Dataset excerpts:
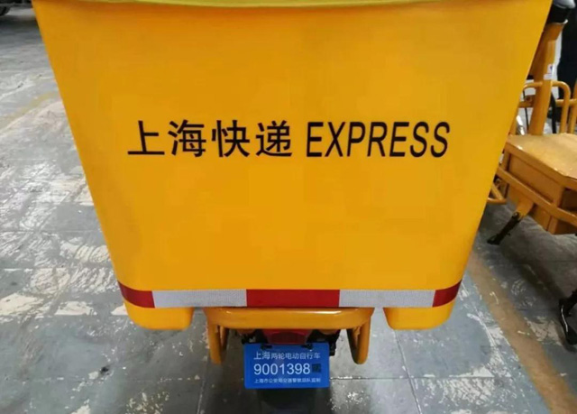 本次为上海设计的快递专用自行车采用全新的加强承载式车架结构;搭配专用载货箱体,空间大、密封防水、可伸缩调节、可拆卸,并搭载变频动力科技,可自动倒车,在窄小巷道也能轻松调头;同时配备120°广角1080P行车记录仪,加装北斗导航定位系统,可双向报警预防货物丢失、远程遥控,随时获取投揽进度。在安全方面,加强了驻车制动功能,保证车辆在斜坡停放时的可靠性和稳定性,从而消除溜车的隐患。
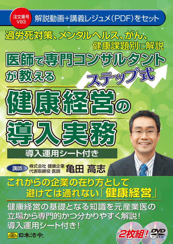本DVDは社労士が知っておきたい健康経営の基礎知識について、専門家の立場から過労死対策、メンタルヘルス、がんなど、健康課題ごとに分かりやすく解説しています。
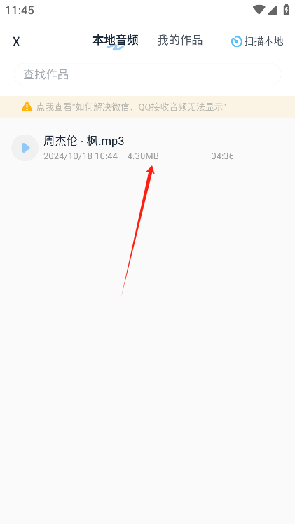 4、点击伴奏提取,会总动扫描本地歌曲,您直接选中即可编辑
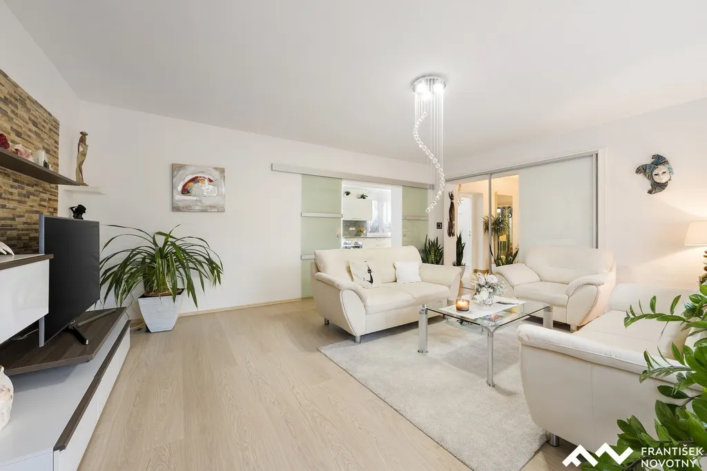 NP: obývací pokoj s lodžií, kuchyně, 3 neprůchozí pokoje, koupelna
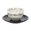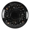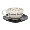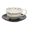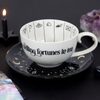 Features a variety of fortune telling and astrological symbols accented by gold foil, a contrasting black saucer, and mystical 'Mysterious things I see when telling fortunes in tea' text.
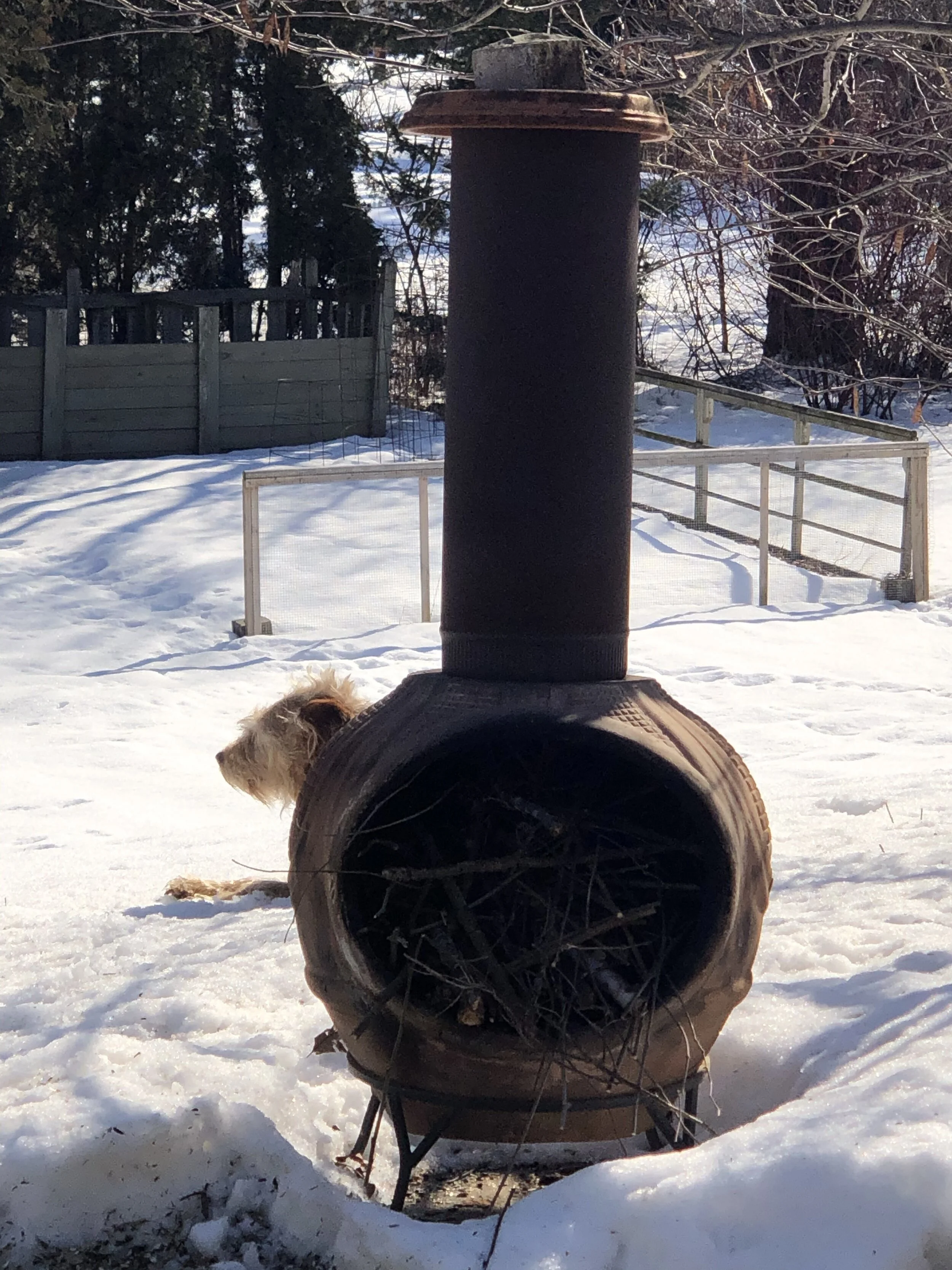 We did a little bench sitting, too, on the back patio, watching snow melt. Pax reluctant to come back in.

AIM OF THE TASK:
All pictures are to be skipped. Output, word for word, the lines in the data above starting at the line containing "本DVDは社労士が知っておき" and ending at the line containing "Features a variety".

YOUR SOLUTION:
本DVDは社労士が知っておきたい健康経営の基礎知識について、専門家の立場から過労死対策、メンタルヘルス、がんなど、健康課題ごとに分かりやすく解説しています。
 4、点击伴奏提取,会总动扫描本地歌曲,您直接选中即可编辑
 NP: obývací pokoj s lodžií, kuchyně, 3 neprůchozí pokoje, koupelna
 Features a variety of fortune telling and astrological symbols accented by gold foil, a contrasting black saucer, and mystical 'Mysterious things I see when telling fortunes in tea' text.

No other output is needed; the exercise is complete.